A recent discovery of a Maya mural in a chamber in Xultún, a large Maya archaeological site that flourished between 600 and 800 CE, provides additional confirmation that December 21, 2012 does not portend the end of the world. The mural, which is located near the Preclassic site of San Bartolo in the Petén Jungle of northern Guatemala, depicts the cyclical nature of time; the chamberwalls are covered in calculations that are thought to have aided scribes in tracking time. The mural includes glyphs and columns of numbers in the form of bars and dots, based on astronomical observations. Scholars believe that the glyphs refer to dates thousands of years into the future—perhaps as far as 7,000 years from the time they were painted—further undermining the misconception that the Maya were predicting the end of the world on December 21, 2012.

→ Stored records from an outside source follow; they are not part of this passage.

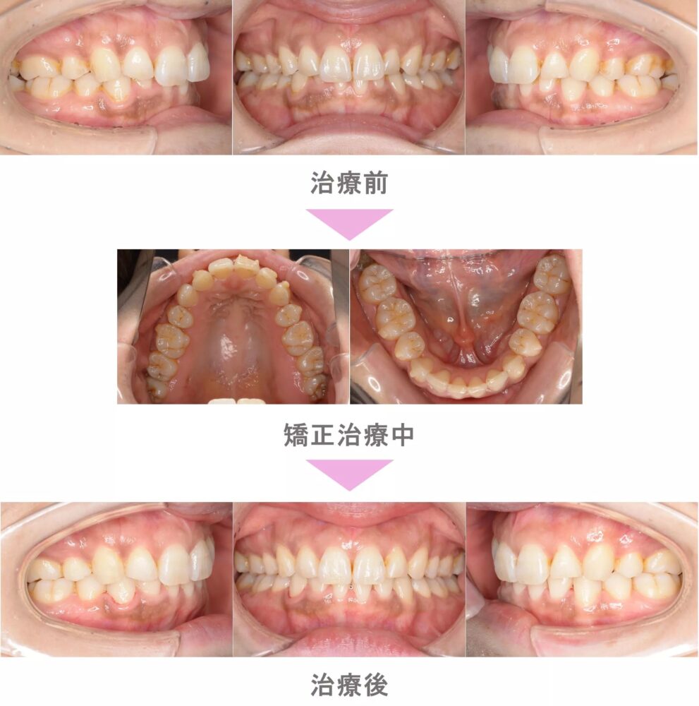 インビザライン矯正(マウスピース矯正)の症例のご紹介です。この患者様は、神奈川県横浜市からご来院の40代女性で、開咬(オープンバイト)と叢生(前歯のでこぼこ)と出っ歯(上顎前突)の症状がありました。治療法はインビザラインライト矯正。非抜歯で矯正治療を行い、キレイな歯並びになりました。治療期間は10か月です。
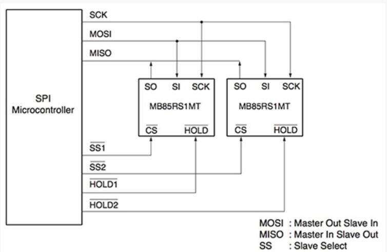 圖1:設(shè)備,如富士通MB85RS1MT允許使用熟悉的主/從配置為SPI-配備的MCU - 或使用使用設(shè)備的SI和SO端口,用于非基于SPI的設(shè)計,簡單的總線連接解決方案。 (富士通半導(dǎo)體提供)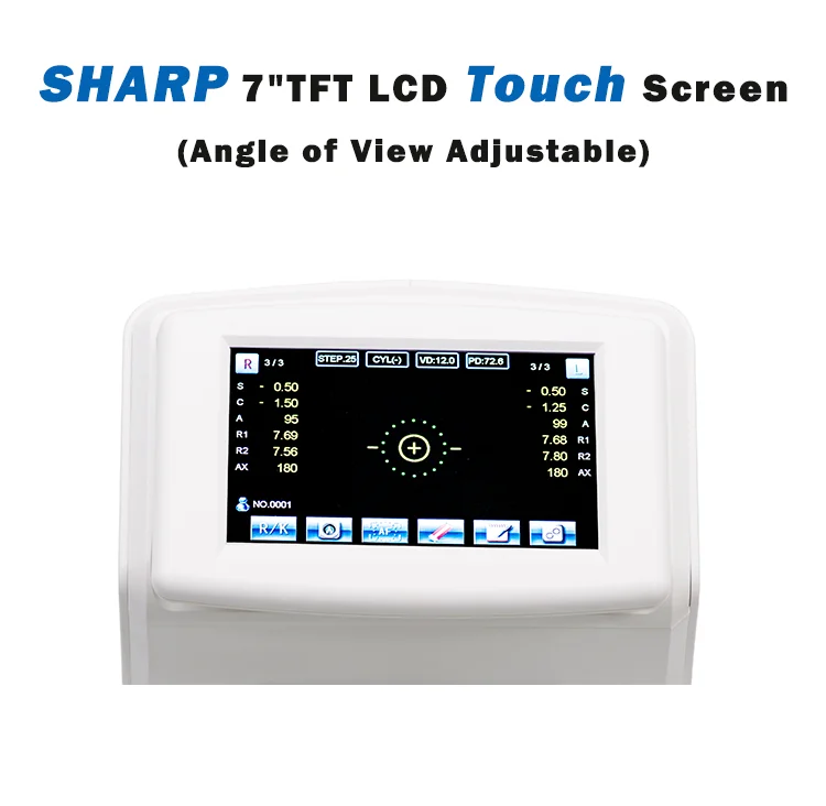 Feature | New Optical System, Unique Imaging Impression Hartman Imaging Analyzing and Processing Technology Accurate Measurement Result Bright 7” TFT Tilt Touch Screen Can Move Front and Back Freely Motorized Chinrest Auto Paper-Cutting Printer Auto Tracking and Focusing During Measuring |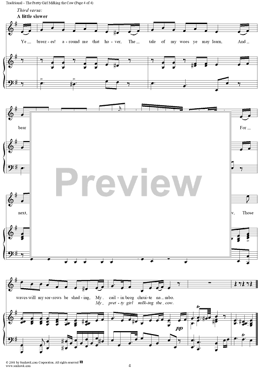 Digital Sheet Music for The Pretty Girl Milking the Cow by , Edward Bunting, Traditional scored for Piano/Vocal; id:261450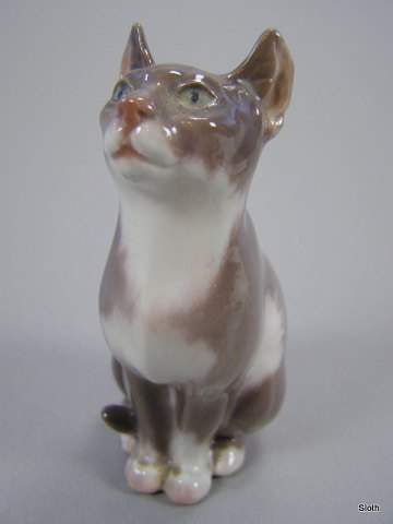 Dahl Jensen 1329 Siddende Kat 1. Sort. H: 9,5 cm.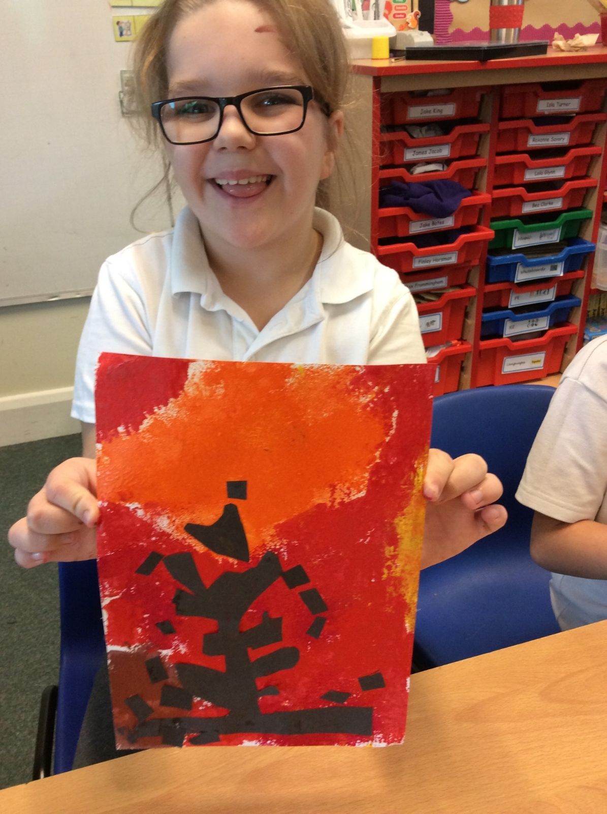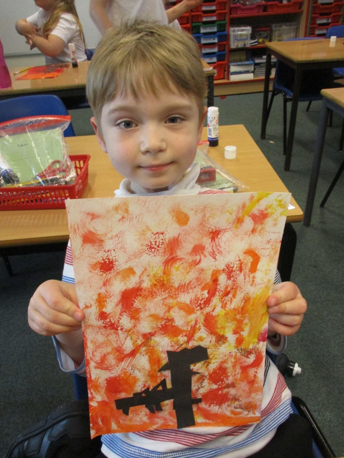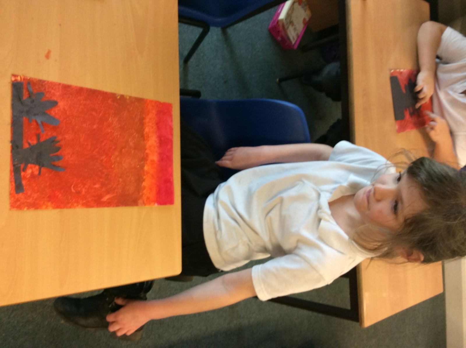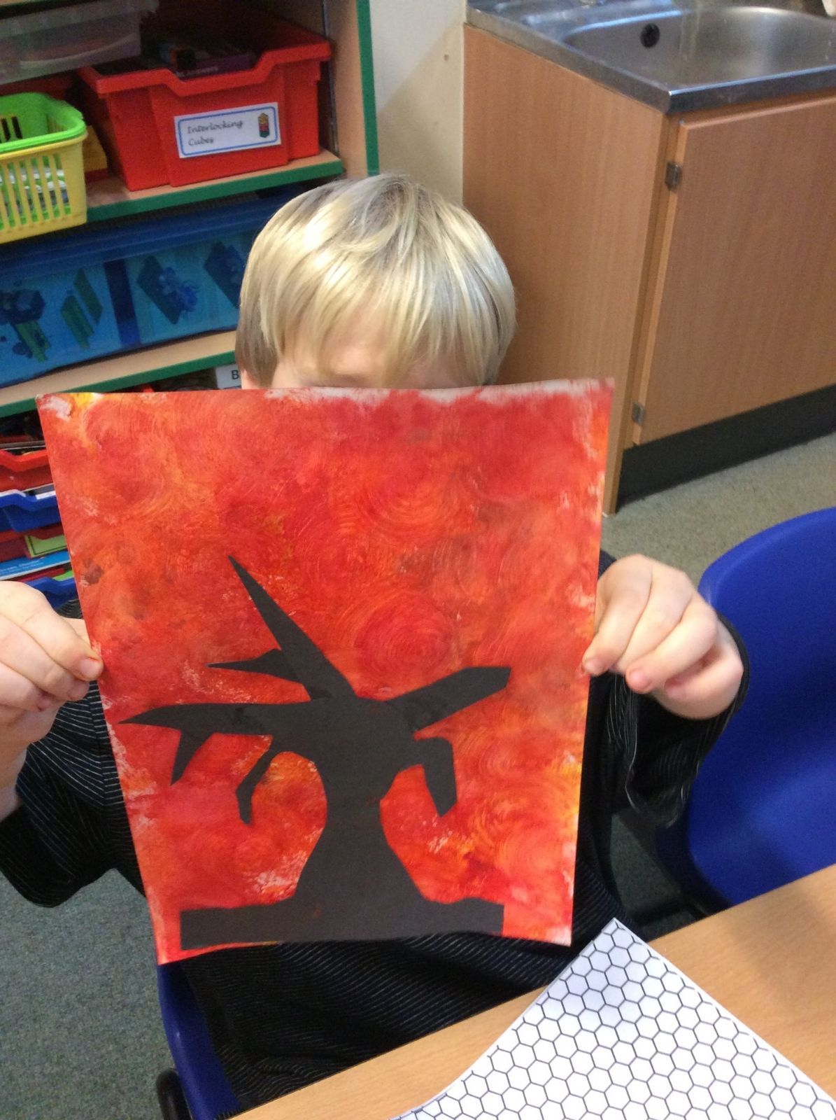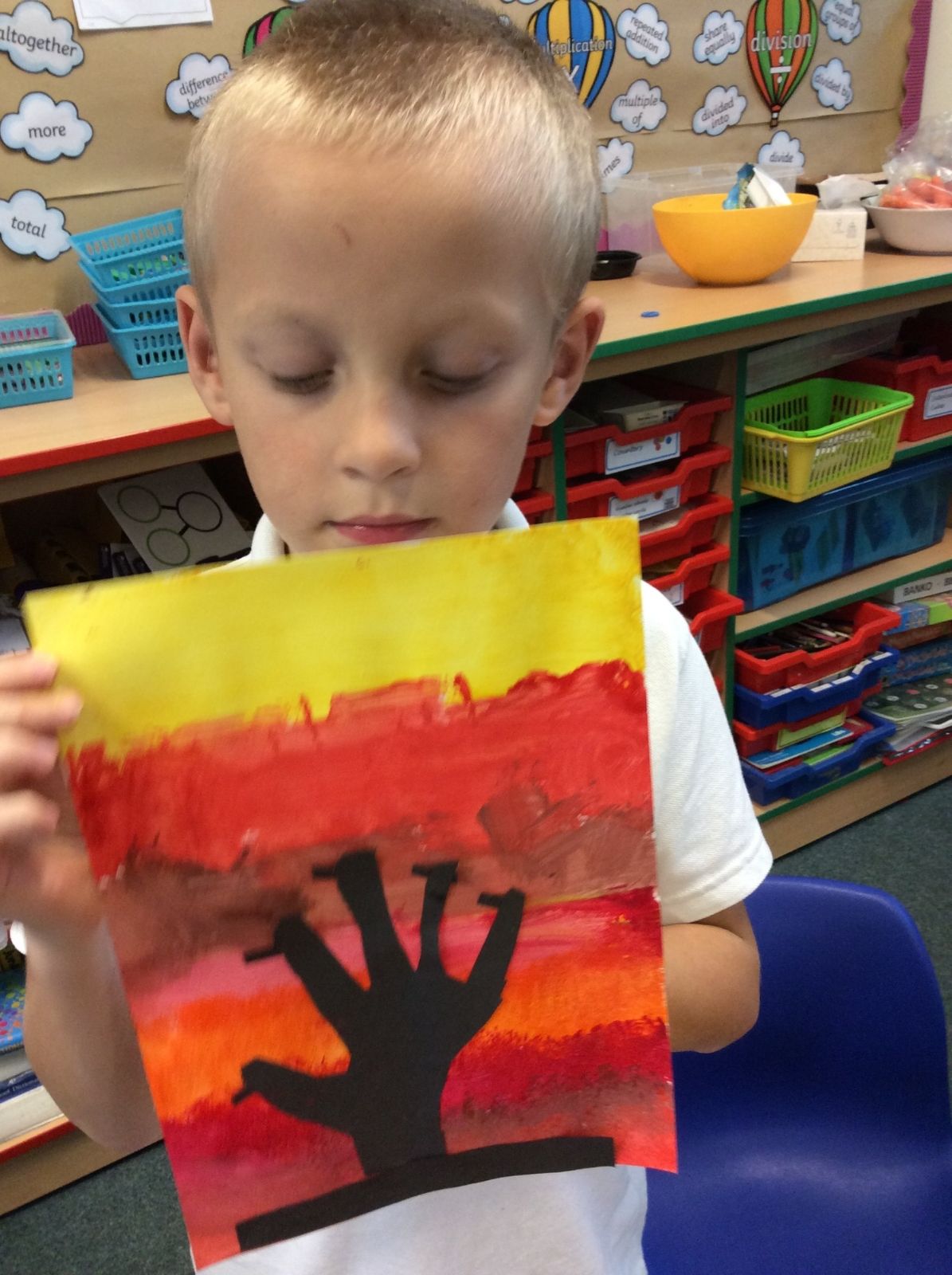 We used sponges and different shades of red and yellow to create the background. Then we cut out trees from black sugar paper to stick on as a silhouette.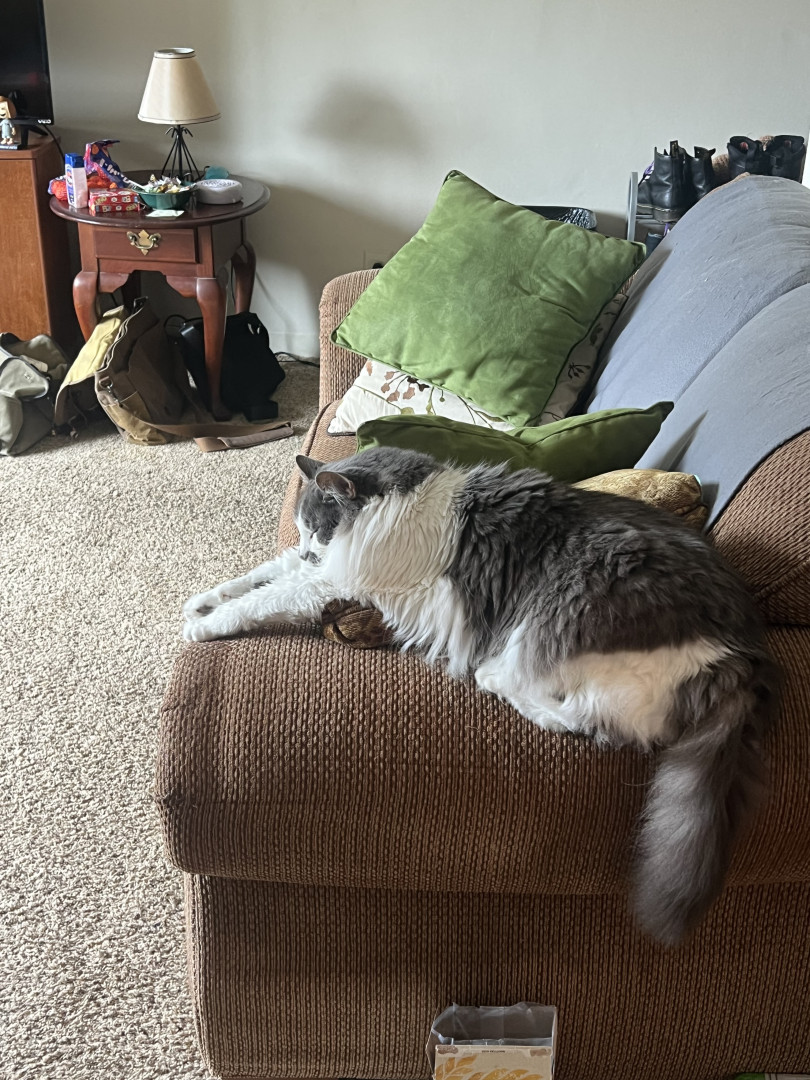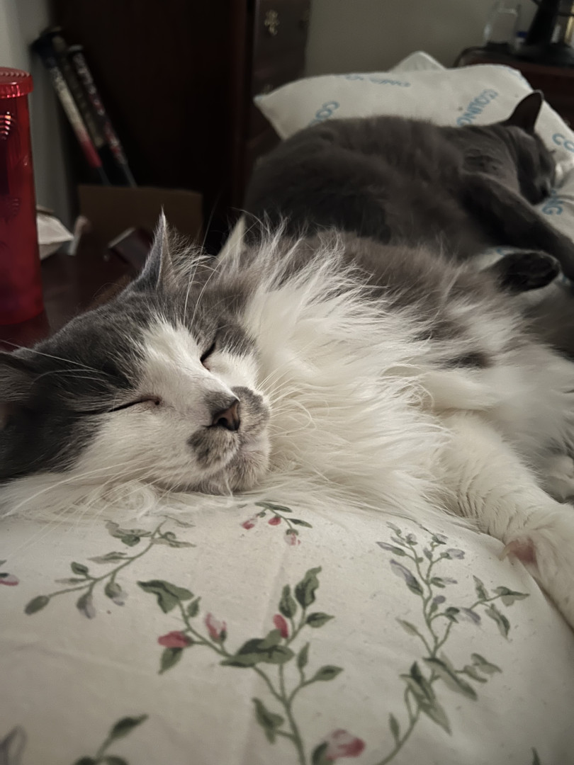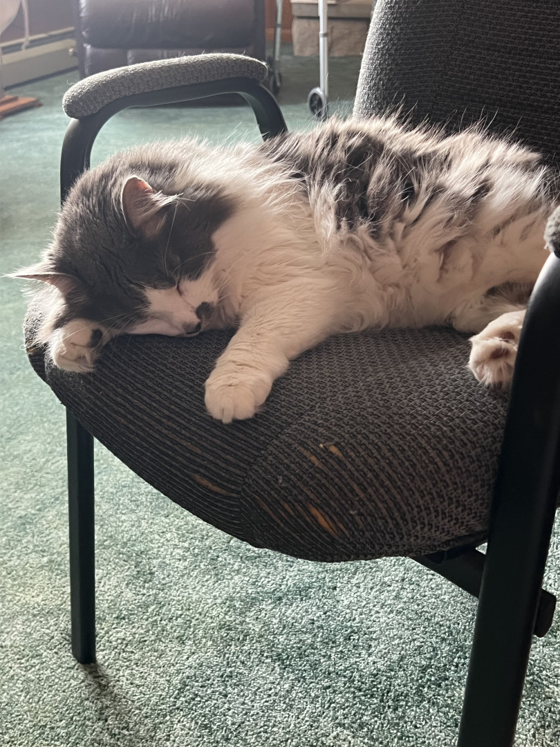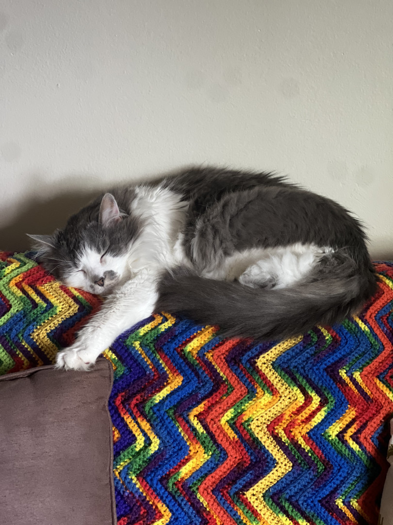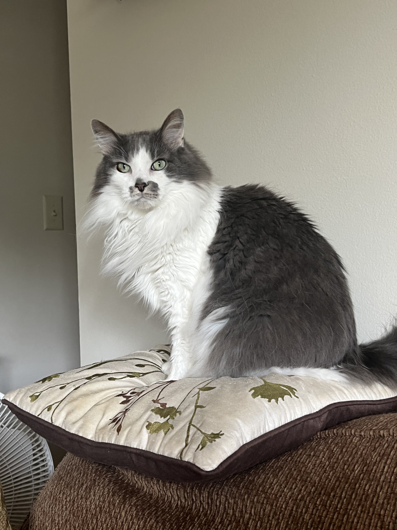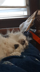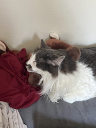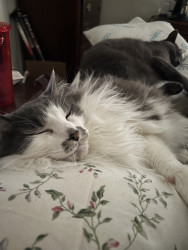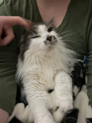Whatsie is the handsomest fluffy boy. He loves people and getting petted. He has a very loud purr that we call his motor.

In a full excavation of the site last year, William Saturno, a Boston University archaeologist, and his team of students found what they believe to be the ancient workroom of a Maya scribe, a record-keeper of Xultún. The scribe’s calculations are barely visible hieroglyphic texts depicted on the east and north walls of the chamber that appear to represent various calendar cycles the Maya were noted for: the 260-day ceremonial calendar, the 365-day solar calendar, the 584-day cycle of Venus, and the 780-day cycle of Mars.

At the time the mural was created, Xultún was suffering through a period of intense drought. Throughout the region, cities were collapsing. In times of difficulty, the Maya turned to their leaders for guidance in appeasing the gods. In turn Maya leaders consulted astronomers and scribes, who used a combination of past events and complex arithmetic to predict the future. Placed in this context, the calculations in the mural appear to have been a practical response by the people of Xultún trying to make sense of what was happening.

While it is impossible to know the Maya’s intentions with exact certainty, one thing is clear: on December 22, the world will still be here. As for the myth of 12/21/2012? We predict We predict the end is near.